§ **Instructions to follow**
Could you copy exactly the lines below from the one with "FARM FAES - Tecnovit" to the one with "Prosegue anche per", inclusive, leaving out any pictures?

§ **Records for this task**
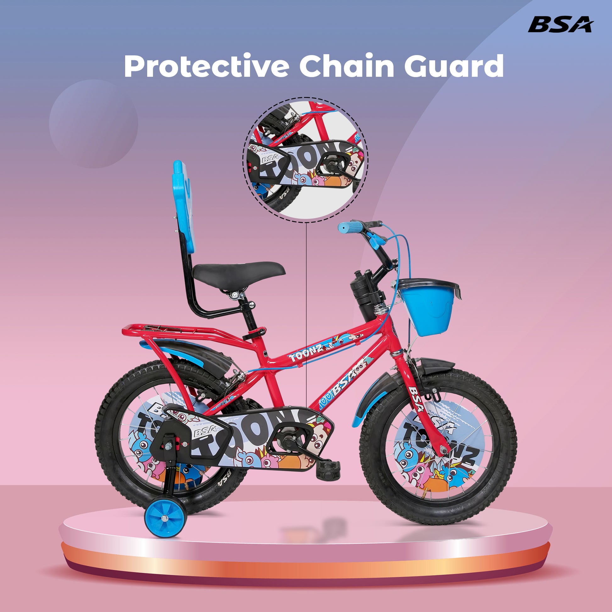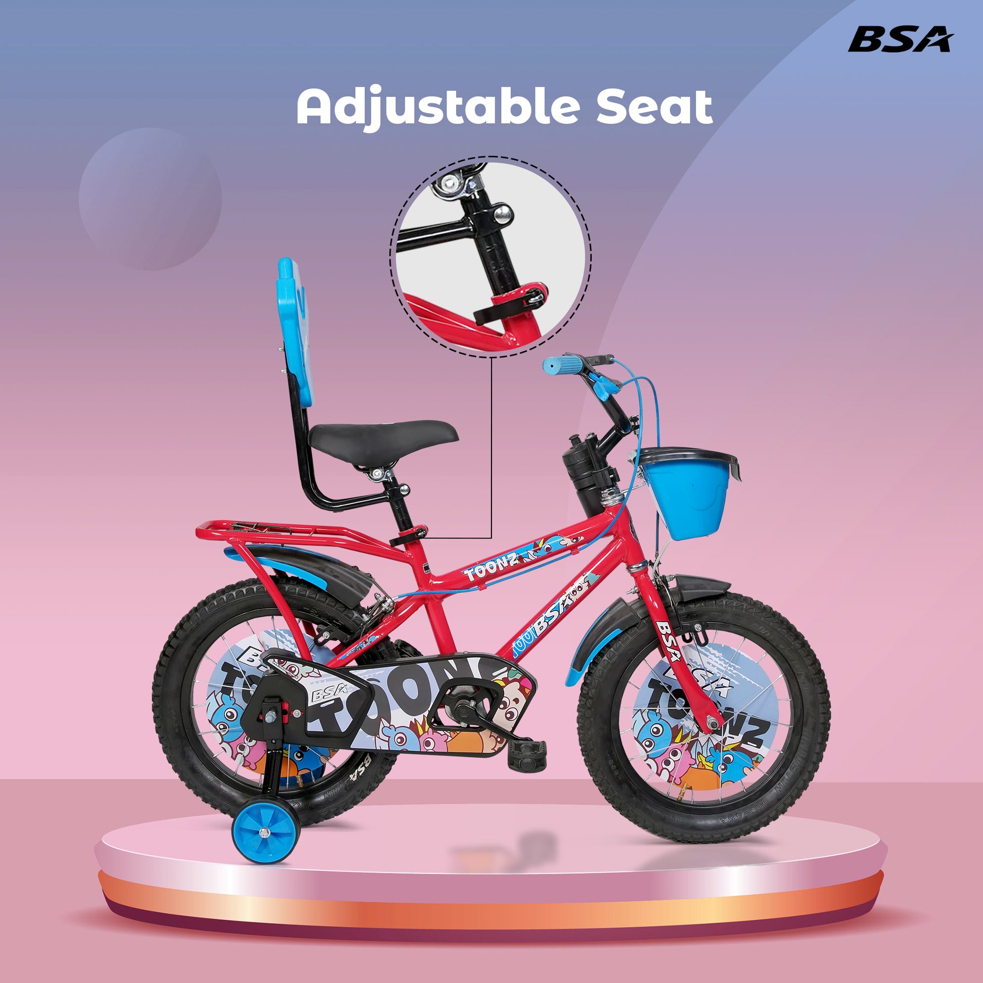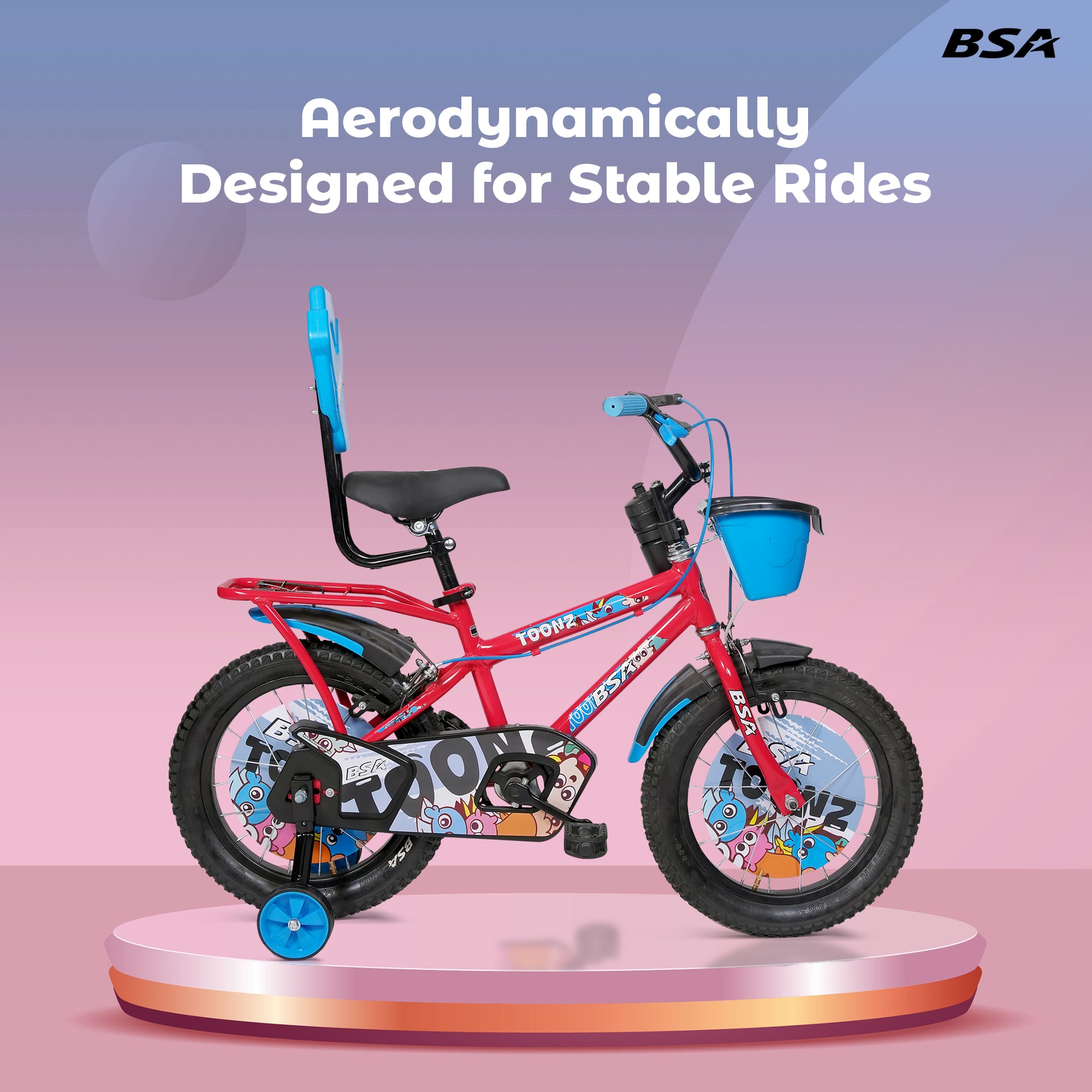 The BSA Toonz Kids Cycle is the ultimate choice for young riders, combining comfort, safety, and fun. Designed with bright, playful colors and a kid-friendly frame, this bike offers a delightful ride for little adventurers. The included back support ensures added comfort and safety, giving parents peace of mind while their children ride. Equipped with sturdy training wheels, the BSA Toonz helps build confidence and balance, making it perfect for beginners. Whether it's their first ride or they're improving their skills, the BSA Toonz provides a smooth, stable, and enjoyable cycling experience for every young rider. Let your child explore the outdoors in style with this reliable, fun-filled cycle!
...
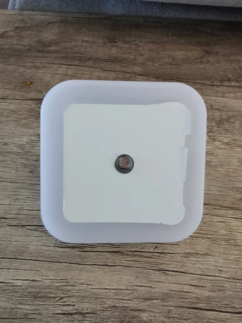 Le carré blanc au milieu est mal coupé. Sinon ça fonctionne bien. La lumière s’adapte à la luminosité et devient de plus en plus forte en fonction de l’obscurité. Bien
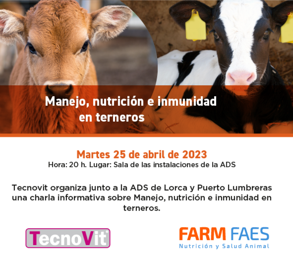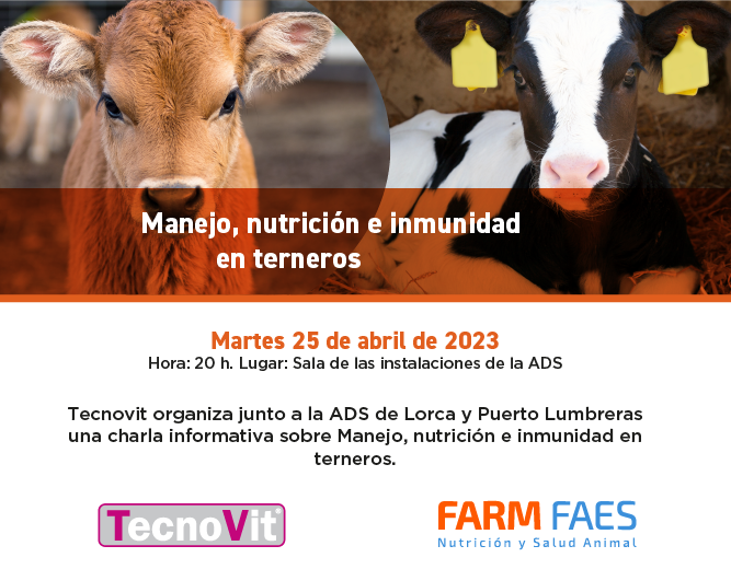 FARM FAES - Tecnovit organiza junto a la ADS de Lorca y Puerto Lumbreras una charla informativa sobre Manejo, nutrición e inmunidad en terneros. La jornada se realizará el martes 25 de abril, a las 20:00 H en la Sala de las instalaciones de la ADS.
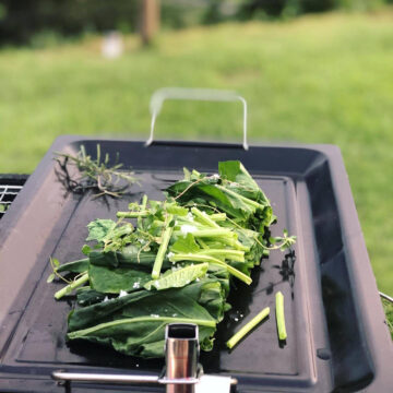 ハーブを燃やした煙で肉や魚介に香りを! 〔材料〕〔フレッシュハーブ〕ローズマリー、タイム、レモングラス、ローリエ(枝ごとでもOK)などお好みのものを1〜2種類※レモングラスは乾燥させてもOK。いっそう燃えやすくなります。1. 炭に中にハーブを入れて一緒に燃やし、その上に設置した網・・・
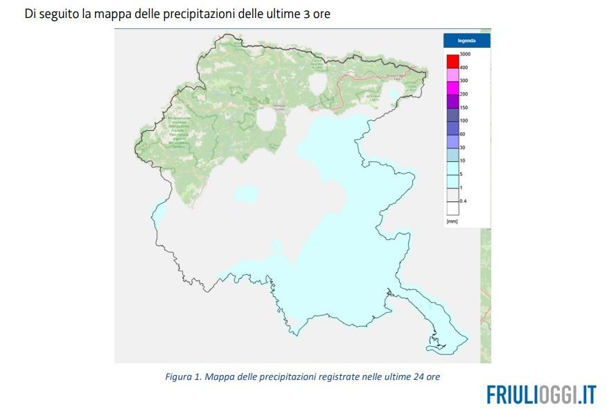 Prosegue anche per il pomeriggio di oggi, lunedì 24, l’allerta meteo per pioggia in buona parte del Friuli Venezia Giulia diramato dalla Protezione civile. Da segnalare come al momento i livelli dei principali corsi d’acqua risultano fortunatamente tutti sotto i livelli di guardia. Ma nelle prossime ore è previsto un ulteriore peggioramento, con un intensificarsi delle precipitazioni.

§ **Your response**
 FARM FAES - Tecnovit organiza junto a la ADS de Lorca y Puerto Lumbreras una charla informativa sobre Manejo, nutrición e inmunidad en terneros. La jornada se realizará el martes 25 de abril, a las 20:00 H en la Sala de las instalaciones de la ADS.
 ハーブを燃やした煙で肉や魚介に香りを! 〔材料〕〔フレッシュハーブ〕ローズマリー、タイム、レモングラス、ローリエ(枝ごとでもOK)などお好みのものを1〜2種類※レモングラスは乾燥させてもOK。いっそう燃えやすくなります。1. 炭に中にハーブを入れて一緒に燃やし、その上に設置した網・・・
 Prosegue anche per il pomeriggio di oggi, lunedì 24, l’allerta meteo per pioggia in buona parte del Friuli Venezia Giulia diramato dalla Protezione civile. Da segnalare come al momento i livelli dei principali corsi d’acqua risultano fortunatamente tutti sotto i livelli di guardia. Ma nelle prossime ore è previsto un ulteriore peggioramento, con un intensificarsi delle precipitazioni.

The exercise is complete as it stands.